Exercise requirements: Using the data that follows, output only the lines from the line with "Since the construction" up to and including the line with "The ECCouncil 212-89", exactly, leaving pictures aside.

### Recorded information ###

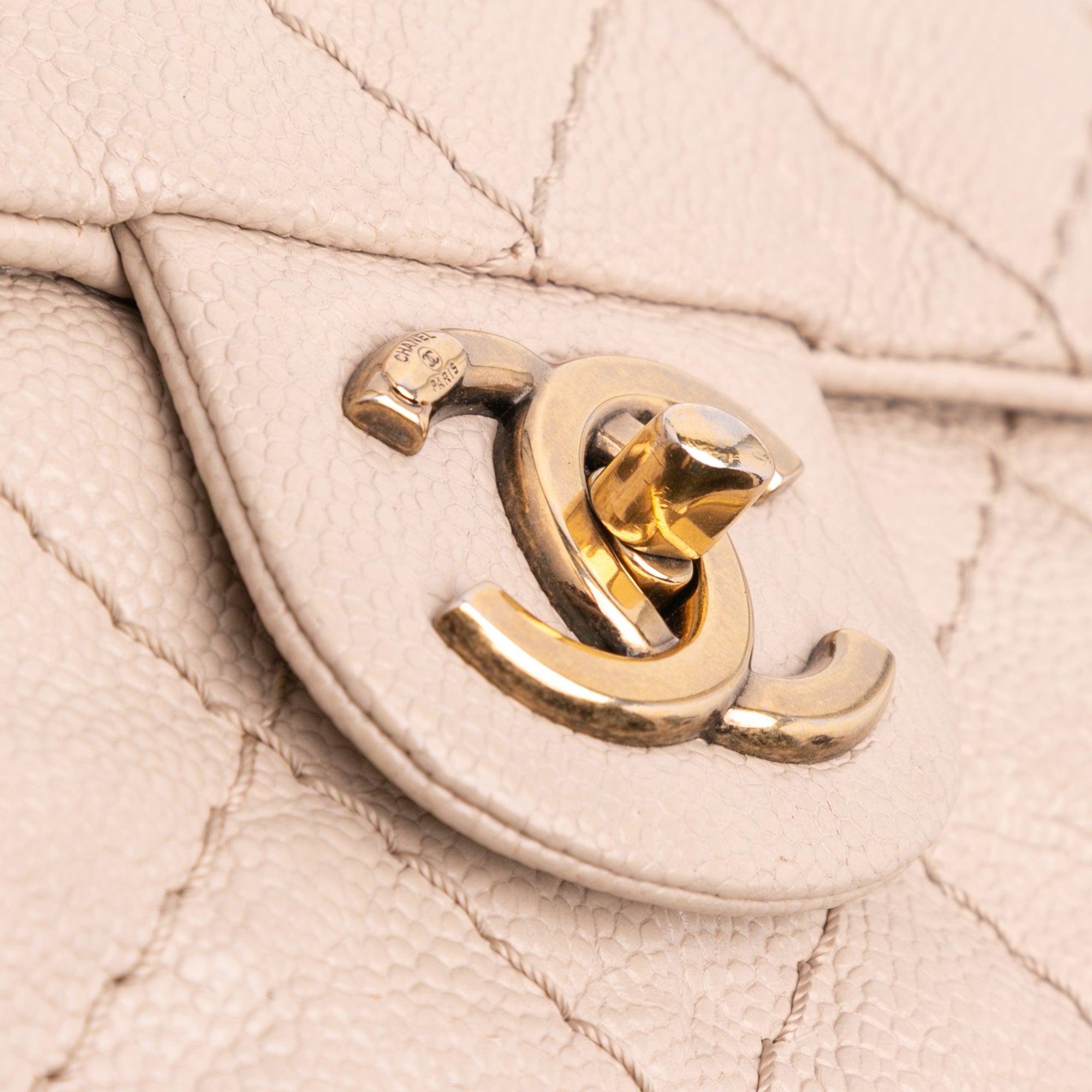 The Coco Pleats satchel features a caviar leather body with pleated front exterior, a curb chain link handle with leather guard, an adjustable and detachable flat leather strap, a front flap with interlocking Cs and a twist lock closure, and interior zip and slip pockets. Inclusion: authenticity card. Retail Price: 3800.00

###
### Recorded information ###

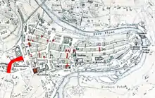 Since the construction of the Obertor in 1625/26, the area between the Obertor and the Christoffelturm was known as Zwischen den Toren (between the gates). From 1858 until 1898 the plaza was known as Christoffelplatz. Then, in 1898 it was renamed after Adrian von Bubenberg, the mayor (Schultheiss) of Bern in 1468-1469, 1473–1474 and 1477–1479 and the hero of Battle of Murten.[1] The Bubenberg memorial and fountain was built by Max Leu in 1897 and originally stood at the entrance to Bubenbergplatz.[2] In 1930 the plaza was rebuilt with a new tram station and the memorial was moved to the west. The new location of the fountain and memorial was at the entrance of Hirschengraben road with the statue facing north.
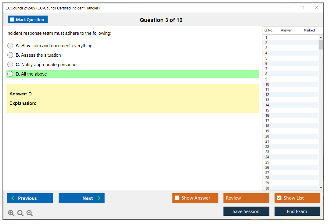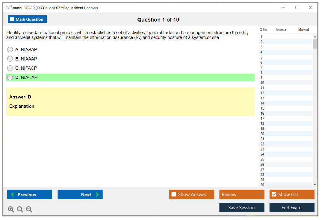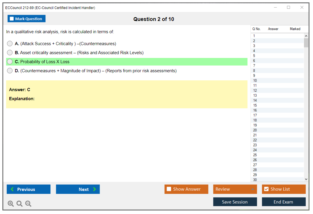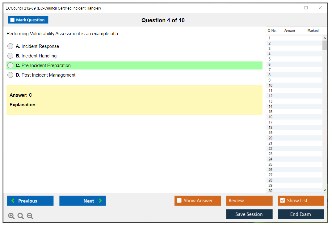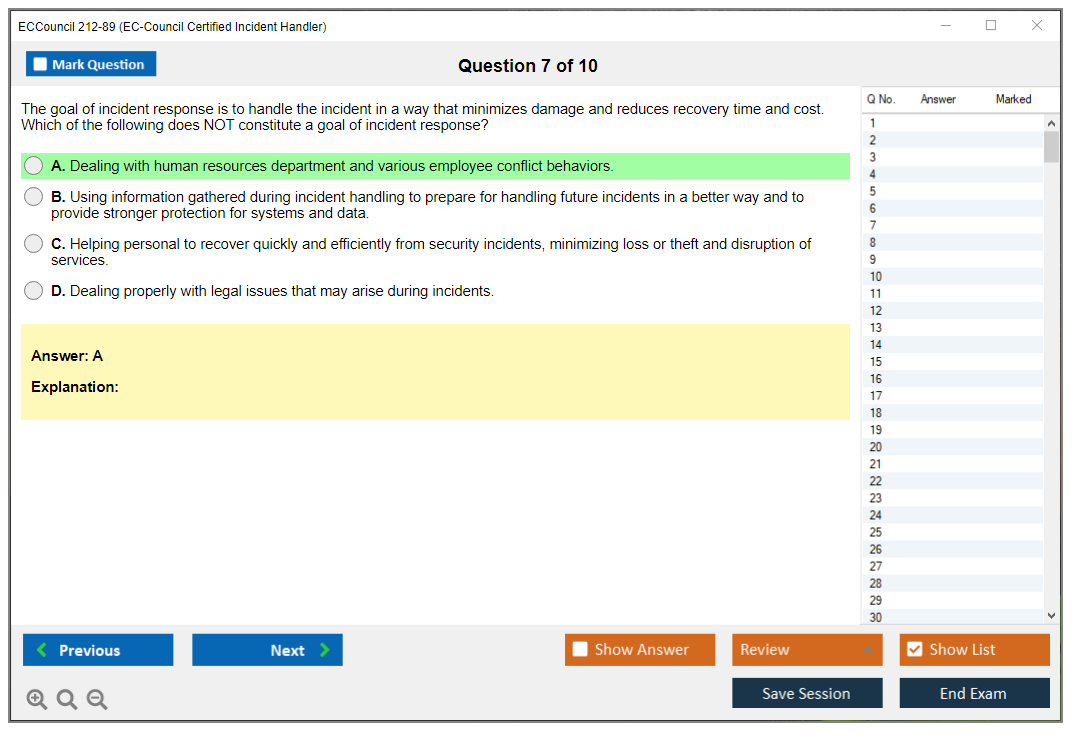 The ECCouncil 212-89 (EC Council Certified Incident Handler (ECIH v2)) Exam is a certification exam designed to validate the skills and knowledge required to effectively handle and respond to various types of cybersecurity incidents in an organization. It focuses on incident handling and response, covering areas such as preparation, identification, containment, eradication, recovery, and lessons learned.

###
### Recorded information ###

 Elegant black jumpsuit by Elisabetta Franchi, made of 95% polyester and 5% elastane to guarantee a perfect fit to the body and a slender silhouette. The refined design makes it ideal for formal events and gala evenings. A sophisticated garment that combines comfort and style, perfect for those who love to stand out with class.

###

Exercise response:
 Since the construction of the Obertor in 1625/26, the area between the Obertor and the Christoffelturm was known as Zwischen den Toren (between the gates). From 1858 until 1898 the plaza was known as Christoffelplatz. Then, in 1898 it was renamed after Adrian von Bubenberg, the mayor (Schultheiss) of Bern in 1468-1469, 1473–1474 and 1477–1479 and the hero of Battle of Murten.[1] The Bubenberg memorial and fountain was built by Max Leu in 1897 and originally stood at the entrance to Bubenbergplatz.[2] In 1930 the plaza was rebuilt with a new tram station and the memorial was moved to the west. The new location of the fountain and memorial was at the entrance of Hirschengraben road with the statue facing north.
 The ECCouncil 212-89 (EC Council Certified Incident Handler (ECIH v2)) Exam is a certification exam designed to validate the skills and knowledge required to effectively handle and respond to various types of cybersecurity incidents in an organization. It focuses on incident handling and response, covering areas such as preparation, identification, containment, eradication, recovery, and lessons learned.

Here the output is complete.